Competing interests: The authors have received money from commercial sources including: Abbvie, Avid Radiopharmaceuticals, Biogen Idec, Bristol-Myers Squibb, Covance, GE healthcare, Genentech, GlaxoSmithKline, Lilly, Lundbeck, Merck, Meso Scale Discovery, Pfizer, Piramal, Roche, Servier, and UCB. This does not alter the authors' adherence to PLOS ONE policies on sharing data and materials.
Parkinson’s disease (PD) is a debilitating neurodegenerative disease characterized by the progressive loss of dopaminergic neurons in the substantia nigra pars compacta. Although PD has been largely recognized as a classical movement disorder, non-motor symptoms including constipation, hyposmia, depression, sleep behavior disorders are now being recognized as early prodromal symptoms of the disease [1, 2]. Diagnosis of PD remains challenging and there is a 20–30% misdiagnosis rate with atypical parkinsonian disorders . To date, diagnosis of PD is based on the assessment of clinical motor symptoms. The lack of a robust biomarker with high sensitivity and specificity has greatly hampered the validation of potential therapeutics.
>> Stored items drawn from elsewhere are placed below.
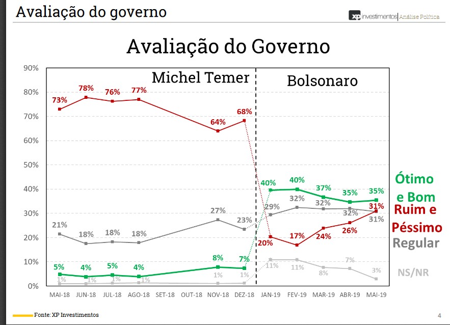 A pesquisa XP mostra que a aprovação do governo Bolsonaro não vai muito bem…
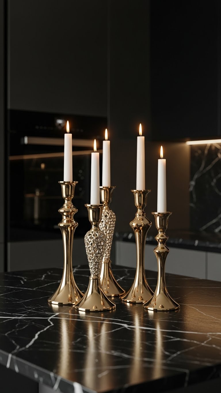 Add gold holders to your setup—buy for $5 each. Put candles inside. Bring in metallic touches without overdoing. For a DIY, wrap items in gold paper. Arrange fast. Reuse for other events. The kitchen gains a polished feel.
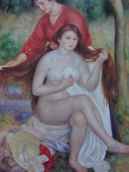 - ルノワール、髪をふく浴女、希少画集画、新品額装付、状態良好、mai
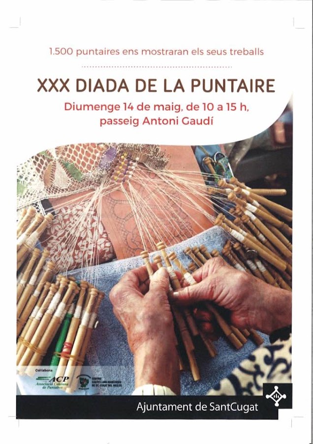 El domingo tendrá lugar en Sant Cugat (Barcelona) la XXX edición de la Diada de puntaires (Día de las encajeras). Cada año se realiza en un lugar diferente dentro del territorio catalán. Tuve la oportunidad de visitar la edición que se celebró en Tarrasa y os puedo decir que fue inolvidable.
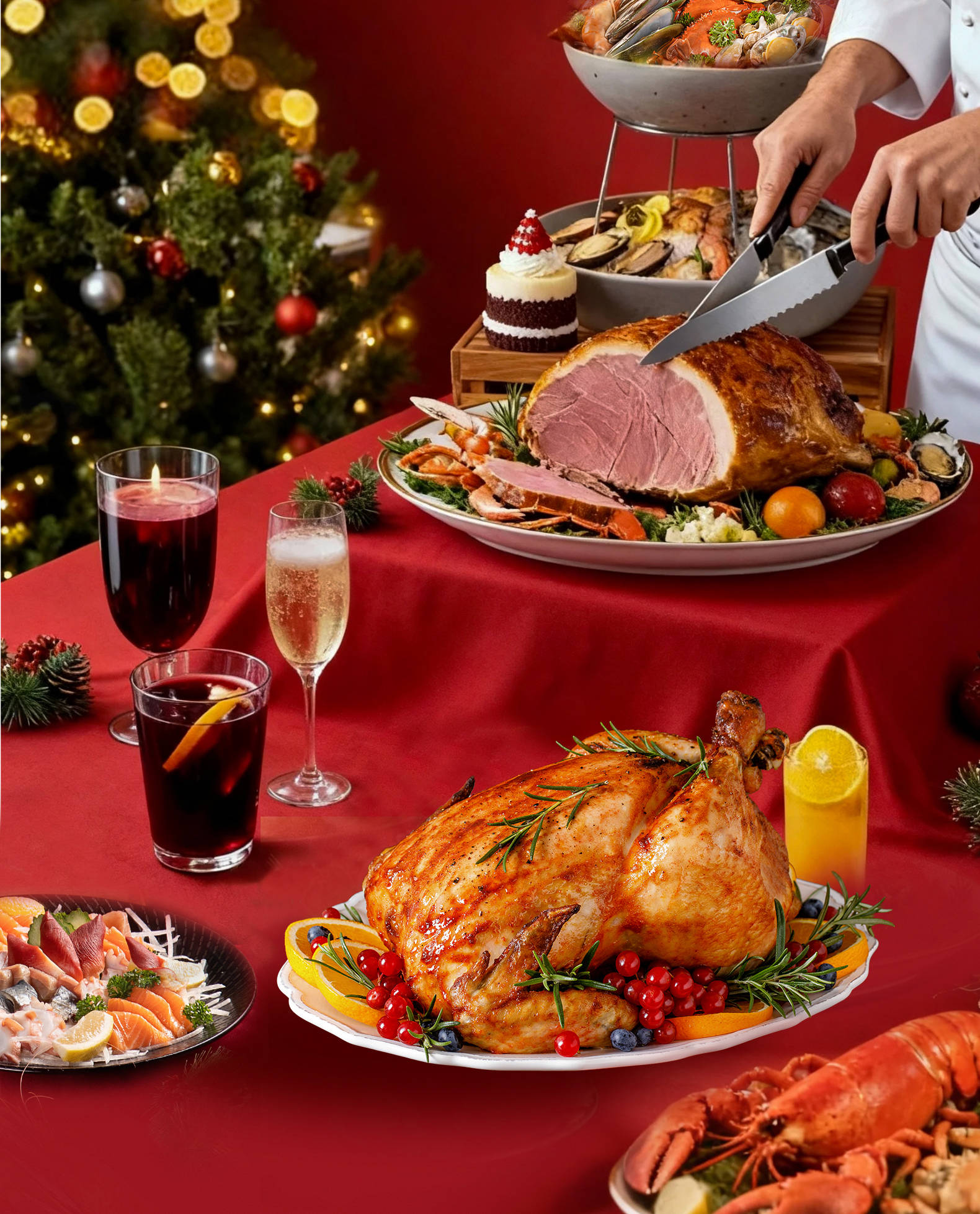 - 圣诞主题甜品秀 | 圣诞烤火鸡、火腿、烤肉与面包卷,满载仪式感
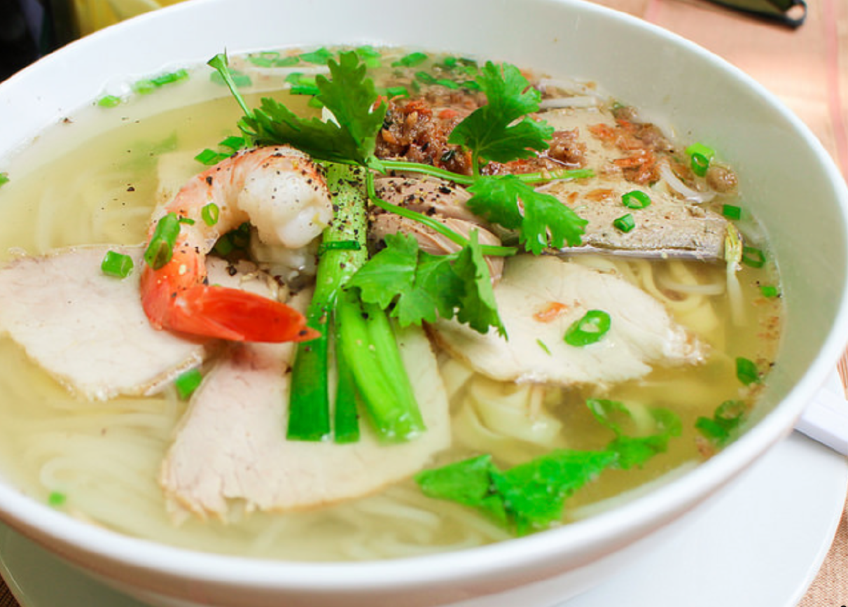 Le Hủ Tiếu 猪肉粿条 est un plat d'origine vietnamienne (et Sud de Chine), une sorte de grand bol, composé de pâte au riz blanche accompagnée de scampis, porc laqué et boulettes de porc spéciales faites Maison, dans le bouillon délicieusement préparé pendant des heures.
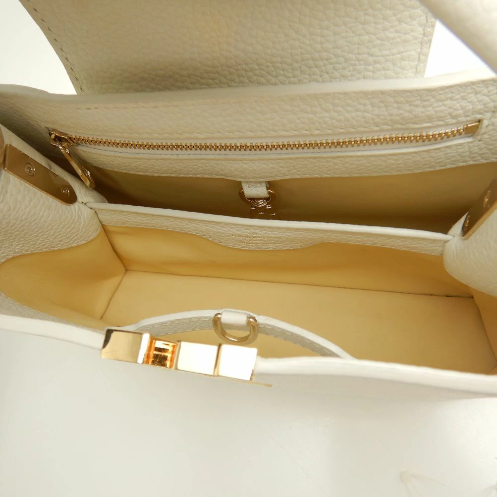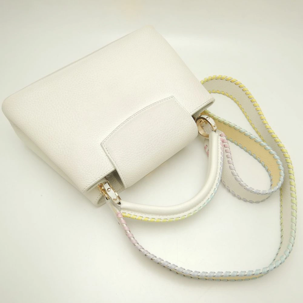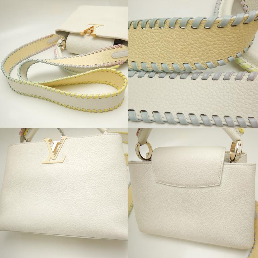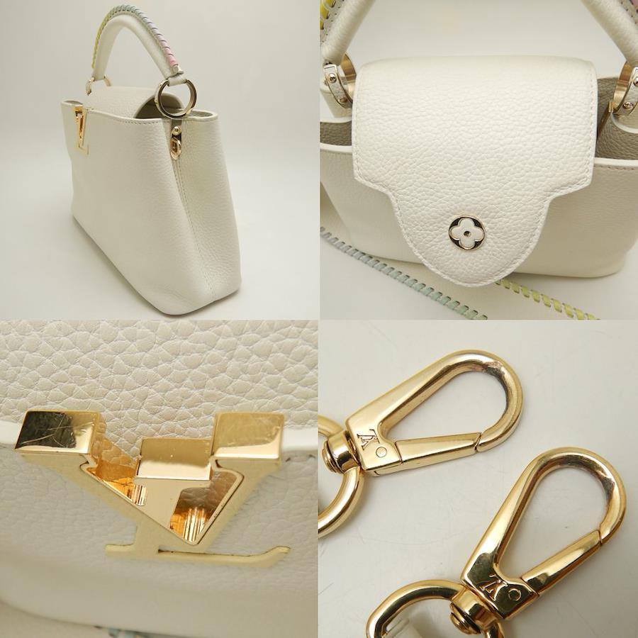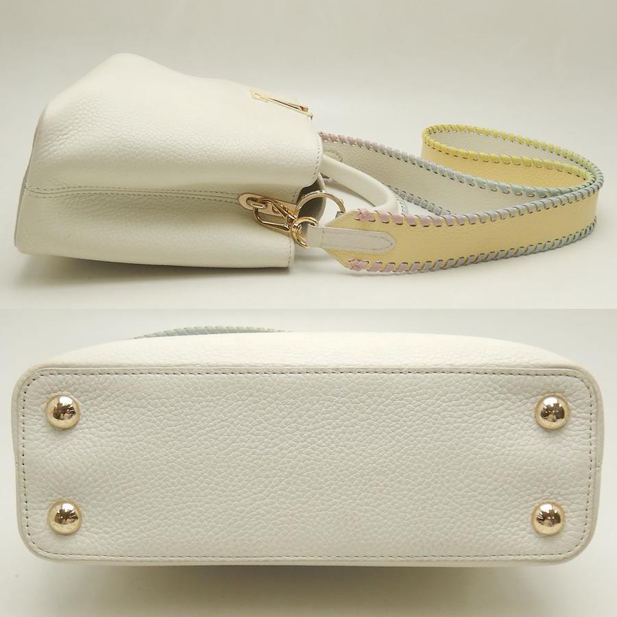 | 商品説明 | | 取扱店舗 | ミドリヤ川越本店 | | 状態 | 中古ABランク | | 型番 | M57941 | | 素材 | トリヨンレザー | | 色 | スノー / レインボー / ゴールド金具 | | サイズ | W27.5cm×H18cm×D9cm
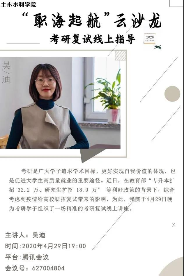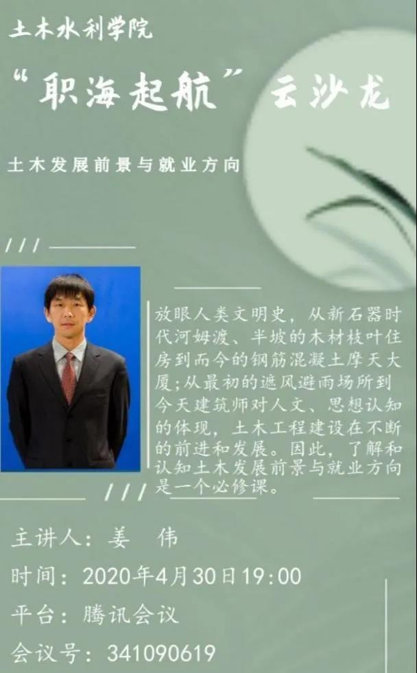 为助力公司学子合理规划学业、完成学业目标,更好地走向未来,4月29日、4月30日,公司举行“职海起航云沙龙”第6期与第7期活动,吴迪老师和姜伟老师分别以“考研复试线上面试指导”和“土木发展前景与就业方向”为题进行讲解,活动共计150名同学参加。
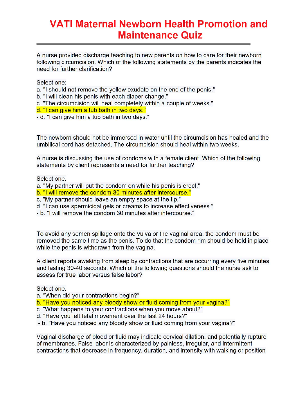 VATI RN Maternal Newborn Assessment > Quiz > 📄 VATI Maternal Newborn Health Promotion and Maintenance Quiz (All)
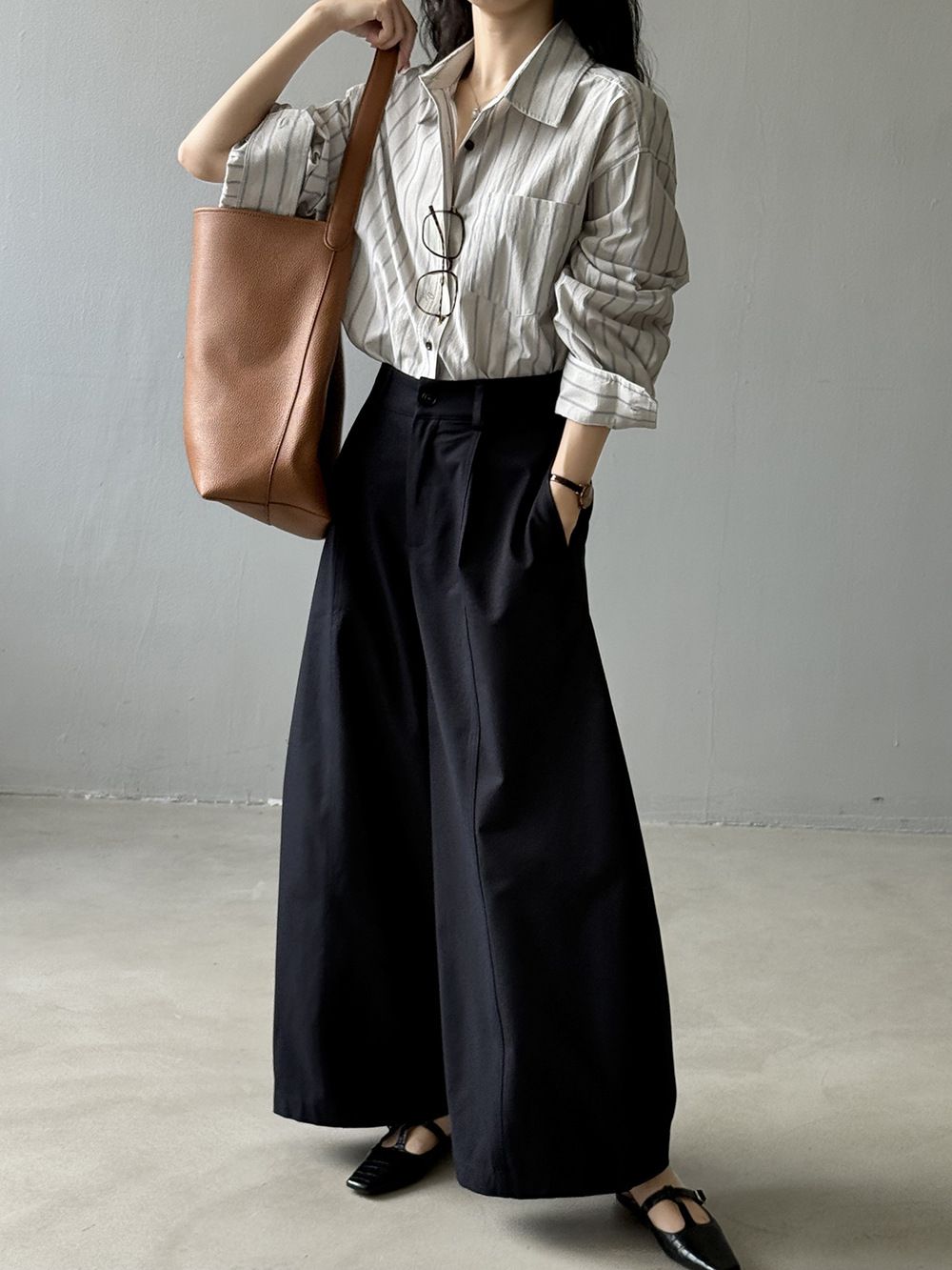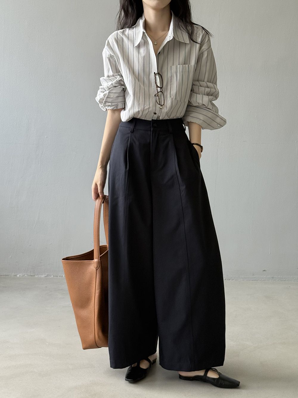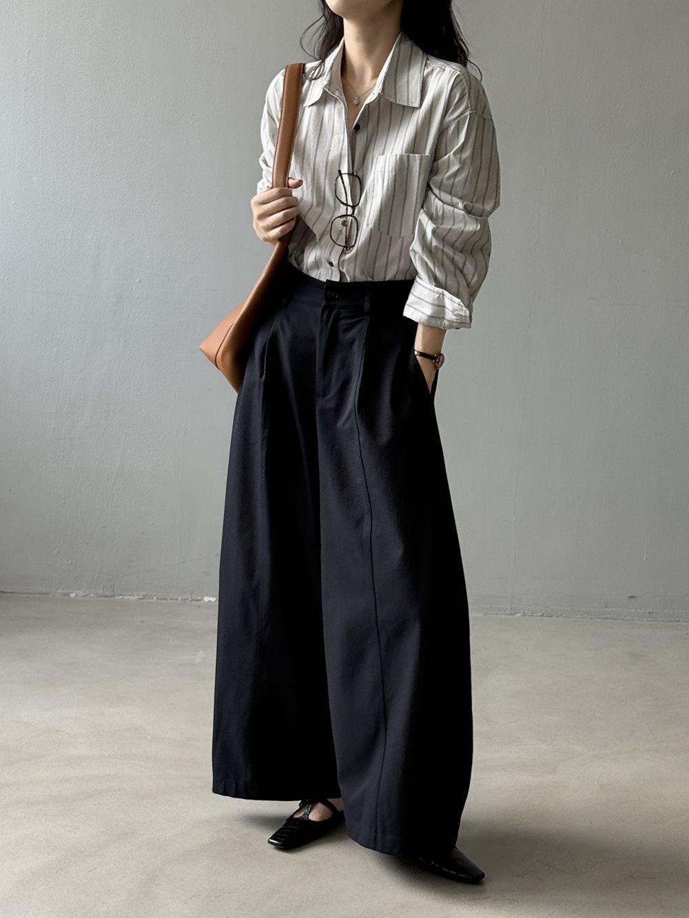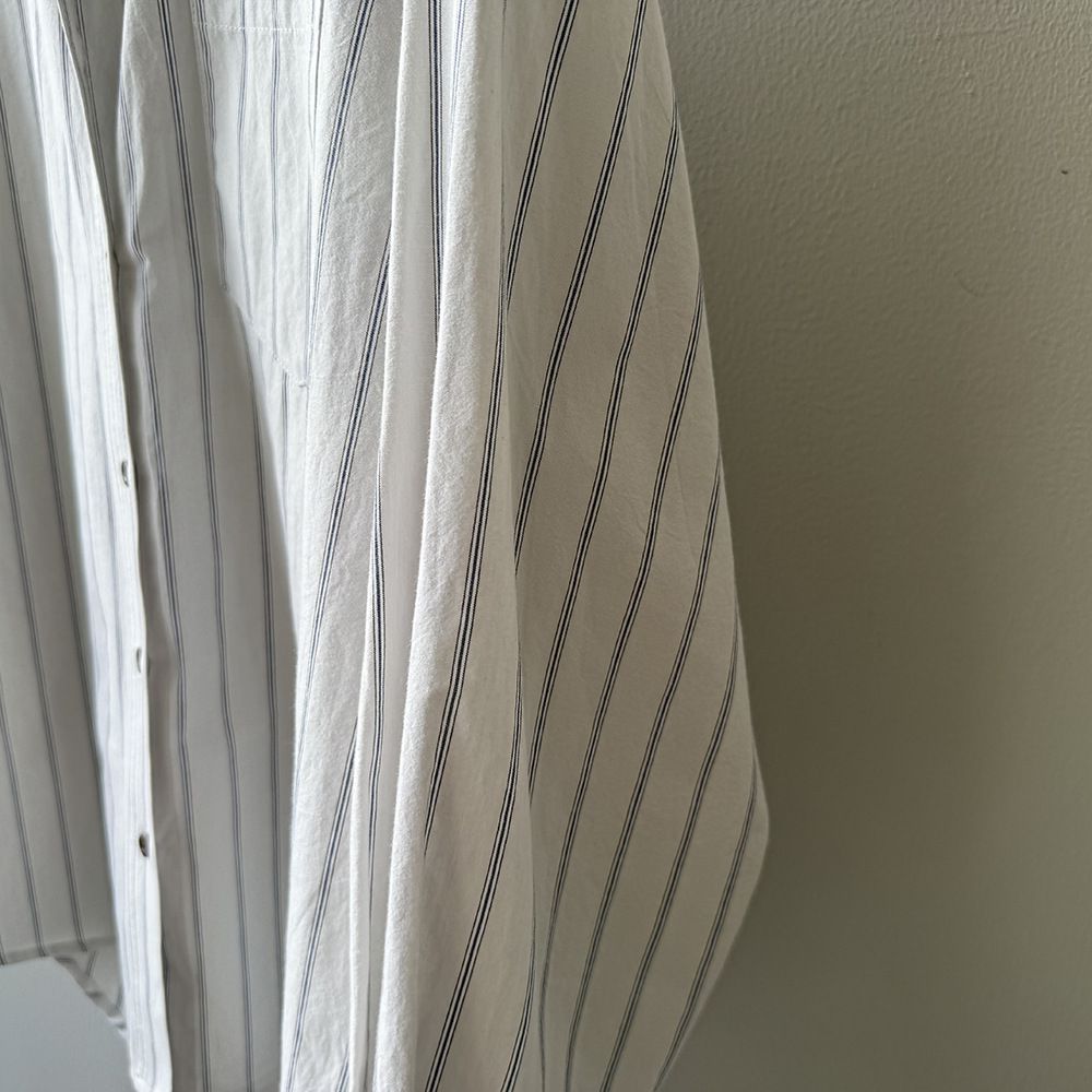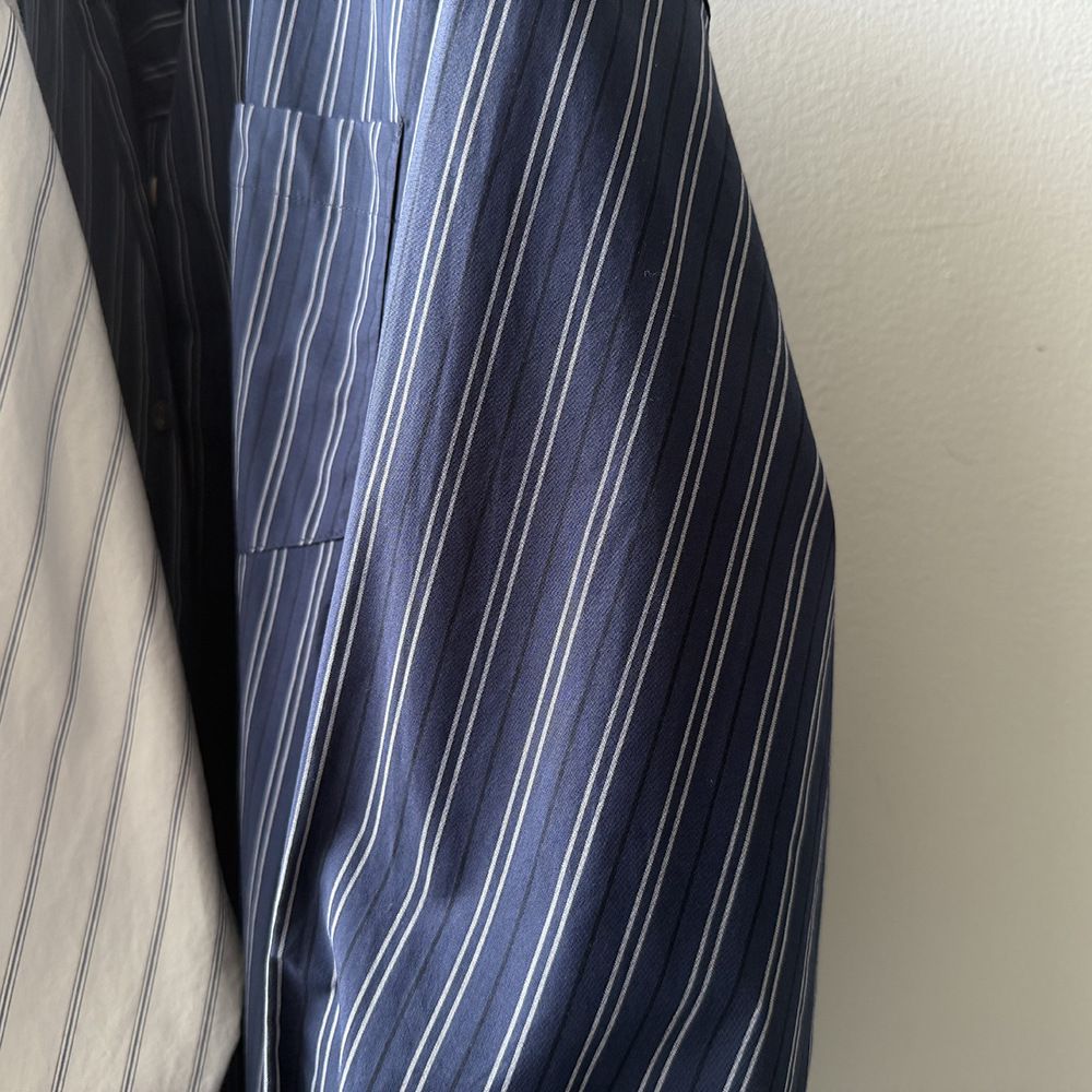 兩種尺寸/經典直條紋/開襟排釦/胸前口袋/長版襯衫/弧形下襬/前短後長 - 休閒渡假OL上班族配色條紋上衣雙線條紋襯衫上衣長袖上衣多尺寸ML深藍色象牙色
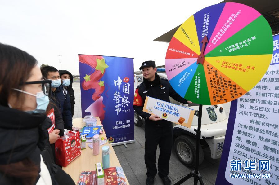 1月7日,在南京南站北广场,民警和群众进行答题互动。新华社记者 季春鹏 摄
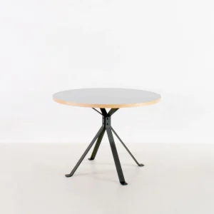 CROSS LEG TABLEの天板は、天然素材を原料としたリノリウムとオーク材のコンビネーション。無機質で端正な印象のスチール素材の脚が、存在感をさらに引き立てます。

Blood biomarkers are emerging as promising diagnostic tools for PD. Altered expression of several RNAs [4–8]and microRNAs [9, 10] have been identified in medicated PD patients, although, very few RNA biomarkers have been replicated in samples from independent clinical studies. For instance, a molecular signature in blood composed of 13 splice variants, including C5ORF4, COPZ1, MACF1, WLS, PRG3, ZNF160, EFTUD2, MAP4K1, MPP1, PKM2, SLC14A1-s, SLC14A1-l and ZNF134, was useful to distinguish PD patients from atypical parkinsonian disorders and healthy controls (HC) nested in the Diagnostic and Prognostic Biomarkers for Parkinson’s Disease (PROBE) with 90% sensitivity and 94% specificity . Seven out of the 13 biomarkers including C5ORF4, COPZ1, MACF1, WLS, PRG3, ZNF160 and EFTUD2, were replicated in blood of PD patients and HC nested in the Harvard Biomarker Study (HBS) with 78% sensitivity and 90% specificity . Using network-based approaches, other potential RNA biomarkers including APP, SOD2, HNF4A and PTBP1 were identified as useful for distinguishing PD patients from HC [13–16]. Among this group, HNF4A and PTBP1 were able to distinguish PD patients from HC with 90% sensitivity and 80% specificity.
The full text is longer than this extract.